= Parts cleaning =

Parts cleaning is essential in many industrial processes, as a prelude to surface finishing or to protect sensitive components. Electroplating is particularly sensitive to part cleanliness, since molecular layers of oil can prevent the coating adhesion.

Cleaning processes include solvent cleaning, hot alkaline detergent cleaning, electro-cleaning, and acid etch. The most common industrial tests for cleanliness of machinery is the water-break test, in which the surface is thoroughly rinsed and vertically held. A quantitative measurement for this parameter is the contact angle. Hydrophobic contaminants such as oils cause the water to bead and break up, allowing the water to drain rapidly. Perfectly clean metal surfaces are hydrophilic and will keep an unbroken sheet of water that does not bead up or drain off.
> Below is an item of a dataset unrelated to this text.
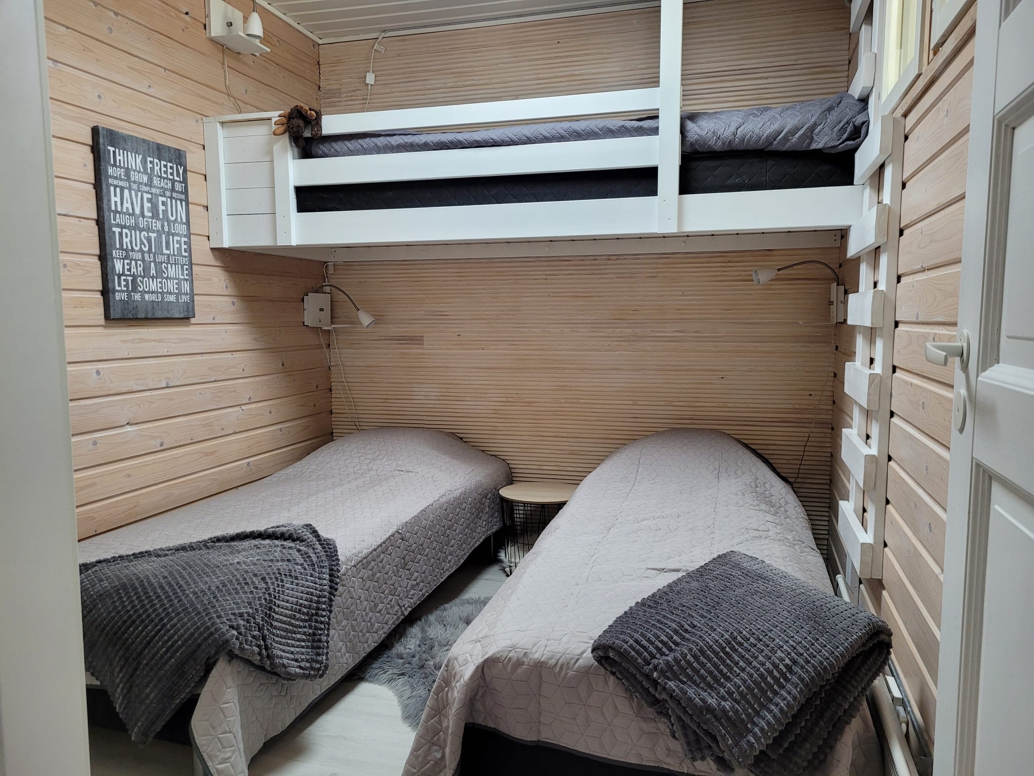 Yhdessä tasossa olevassa paritalohuoneistossa on avara ja valoisa tupakeittiö-olohuone. Huoneistossa on kaksi makuuhuonetta, joista toisessa on parisänky (160x200cm) ja toisessa kaksi runkopatjasänkyä (80x200cm) sekä lisäksi 80cm levyinen parvisänky (emme suosittele tätä isokokoiselle aikuiselle). Olohuoneen sohva muuttuu kahdella liikkeellä 140x200cm vuoteeksi kahdelle.
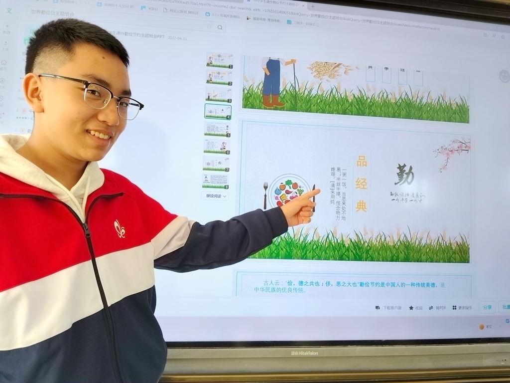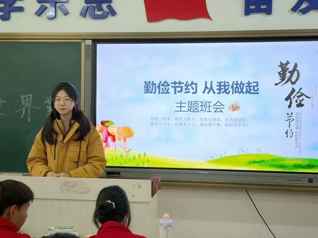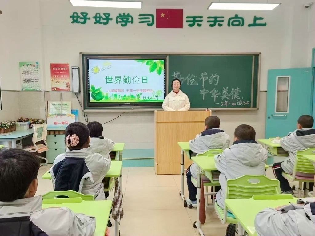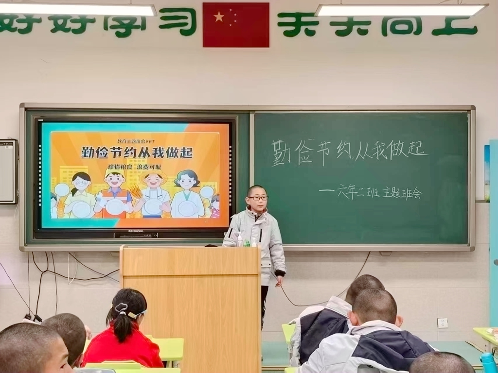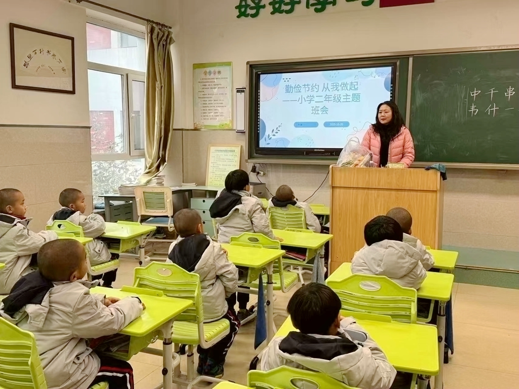 主题班会上,班主任老师们以校园内粮食浪费、水电闲置等真实现象为切入点,通过案例剖析引发学生对“身边浪费”的深度思考;同学们则积极分享中外名人厉行勤俭的小故事,在互动交流中传递节约智慧。整场班会不仅让学生深刻认识到勤俭节约的时代价值,更从认知层面引导其树立 “节约光荣” 的观念,为同学们养成良好节约习惯、践行勤俭行动筑牢思想根基。

== Definitions and classifications ==
For the activities described here, the following terms are often found: metal cleaning, metal surface cleaning, component cleaning, degreasing, parts washing, and parts cleaning. These are well established in technical language usage, but they have their shortcomings. Metal cleaning can easily be mixed up with the refinement of un-purified metals. Metal surface cleaning and metal cleaning do not consider the increasing usage of plastics and composite materials in this sector. The term component cleaning leaves out the cleaning of steel sections and sheets, and finally, degreasing only describes a part of the topic, as in most cases, chips, fines, particles, salts, etc. also have to be removed.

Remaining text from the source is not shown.